Although these days the merits of the generic object methodology are unquestionable, it is still surprisingly easy to apply it incorrectly or for the wrong purpose. It may be tempting to see it as a “cool” new architecture that is more powerful, expressive, or simply elegant than the old C++ class hierarchy. But if this is all you see in it, you are likely to miss out on the significant benefit described in this article: establishing a clear and universal way of thinking about your game. This is because to establish such a vision, you not only need to enable it, you also have to enforce it. If your architecture endorses alternative ways of implementing functionality, inevitably both will be used and the choice between them will be arbitrary. For example, if you permit inheritance between components, the message of aggregation over inheritance will become muddled and the benefits of the former ultimately reduced, as programmers switch randomly between paradigms. Similarly, I’m strongly against exposing the composition of generic objects to the rest of the game, as this leads to increased coupling, in other words reduced portability of components.
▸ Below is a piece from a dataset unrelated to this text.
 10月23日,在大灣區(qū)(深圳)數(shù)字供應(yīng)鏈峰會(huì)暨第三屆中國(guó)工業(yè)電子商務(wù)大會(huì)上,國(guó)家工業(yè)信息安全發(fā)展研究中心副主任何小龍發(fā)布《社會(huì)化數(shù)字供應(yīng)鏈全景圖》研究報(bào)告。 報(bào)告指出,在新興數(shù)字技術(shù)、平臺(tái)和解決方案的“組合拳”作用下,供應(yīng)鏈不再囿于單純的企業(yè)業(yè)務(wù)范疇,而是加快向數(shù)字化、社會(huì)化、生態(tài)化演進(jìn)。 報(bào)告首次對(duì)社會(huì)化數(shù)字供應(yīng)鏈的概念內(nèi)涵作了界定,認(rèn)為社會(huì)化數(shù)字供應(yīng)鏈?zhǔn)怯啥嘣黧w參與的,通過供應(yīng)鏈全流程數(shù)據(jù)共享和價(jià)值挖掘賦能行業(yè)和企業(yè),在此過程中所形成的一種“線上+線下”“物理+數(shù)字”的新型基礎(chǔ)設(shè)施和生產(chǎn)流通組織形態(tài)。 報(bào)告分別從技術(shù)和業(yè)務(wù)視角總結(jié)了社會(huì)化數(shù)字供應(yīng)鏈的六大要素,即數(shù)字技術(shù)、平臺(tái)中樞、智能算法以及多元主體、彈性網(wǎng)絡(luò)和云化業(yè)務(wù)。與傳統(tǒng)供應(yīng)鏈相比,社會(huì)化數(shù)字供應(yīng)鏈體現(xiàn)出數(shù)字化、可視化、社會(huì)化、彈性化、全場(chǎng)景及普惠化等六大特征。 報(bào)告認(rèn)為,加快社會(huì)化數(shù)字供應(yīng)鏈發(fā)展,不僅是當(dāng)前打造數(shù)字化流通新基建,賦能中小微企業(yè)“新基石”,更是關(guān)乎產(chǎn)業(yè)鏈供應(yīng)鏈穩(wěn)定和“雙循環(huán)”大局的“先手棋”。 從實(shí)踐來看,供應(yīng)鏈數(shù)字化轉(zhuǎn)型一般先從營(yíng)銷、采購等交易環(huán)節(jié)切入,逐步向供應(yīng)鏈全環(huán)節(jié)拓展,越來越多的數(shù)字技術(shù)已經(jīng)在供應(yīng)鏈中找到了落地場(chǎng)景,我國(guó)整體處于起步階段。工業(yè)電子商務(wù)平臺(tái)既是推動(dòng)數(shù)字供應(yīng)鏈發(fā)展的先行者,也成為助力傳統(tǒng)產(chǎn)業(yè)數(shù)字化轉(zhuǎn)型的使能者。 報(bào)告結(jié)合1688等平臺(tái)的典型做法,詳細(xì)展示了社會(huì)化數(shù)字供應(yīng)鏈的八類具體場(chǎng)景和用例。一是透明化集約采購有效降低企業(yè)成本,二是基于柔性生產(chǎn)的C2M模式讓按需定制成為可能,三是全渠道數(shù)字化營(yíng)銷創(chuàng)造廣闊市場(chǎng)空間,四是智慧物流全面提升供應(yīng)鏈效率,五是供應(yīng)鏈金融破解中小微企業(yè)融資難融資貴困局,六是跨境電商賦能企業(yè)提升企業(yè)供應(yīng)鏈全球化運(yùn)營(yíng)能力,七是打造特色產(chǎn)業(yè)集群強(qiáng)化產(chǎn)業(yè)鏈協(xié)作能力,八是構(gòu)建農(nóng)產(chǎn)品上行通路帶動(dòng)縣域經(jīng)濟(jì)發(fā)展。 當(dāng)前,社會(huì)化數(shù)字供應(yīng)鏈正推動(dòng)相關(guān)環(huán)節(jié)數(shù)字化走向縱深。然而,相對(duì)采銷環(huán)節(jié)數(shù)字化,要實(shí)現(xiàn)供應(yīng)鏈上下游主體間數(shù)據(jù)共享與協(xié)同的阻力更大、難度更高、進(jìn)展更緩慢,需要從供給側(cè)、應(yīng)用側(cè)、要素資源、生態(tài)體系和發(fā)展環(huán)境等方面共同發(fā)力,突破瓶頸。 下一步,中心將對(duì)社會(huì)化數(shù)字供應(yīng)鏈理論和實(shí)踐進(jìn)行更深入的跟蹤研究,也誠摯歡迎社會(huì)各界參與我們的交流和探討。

Enforcement of such conventions is bound to stir controversy in many a team, as many will argue that it stifles creativity or freedom to pick the most optimal solution. Yet, as many of us are discovering, that freedom comes at the price of spending ever more time reading ever larger and ever more complex codebases. Increasingly, we have to contend with the limitations of the human brain and take it into account when organising our code. Fortunately, it doesn’t take a cognitive scientist to do this; all we need to do is remember that the compiler is not the only audience of a computer program.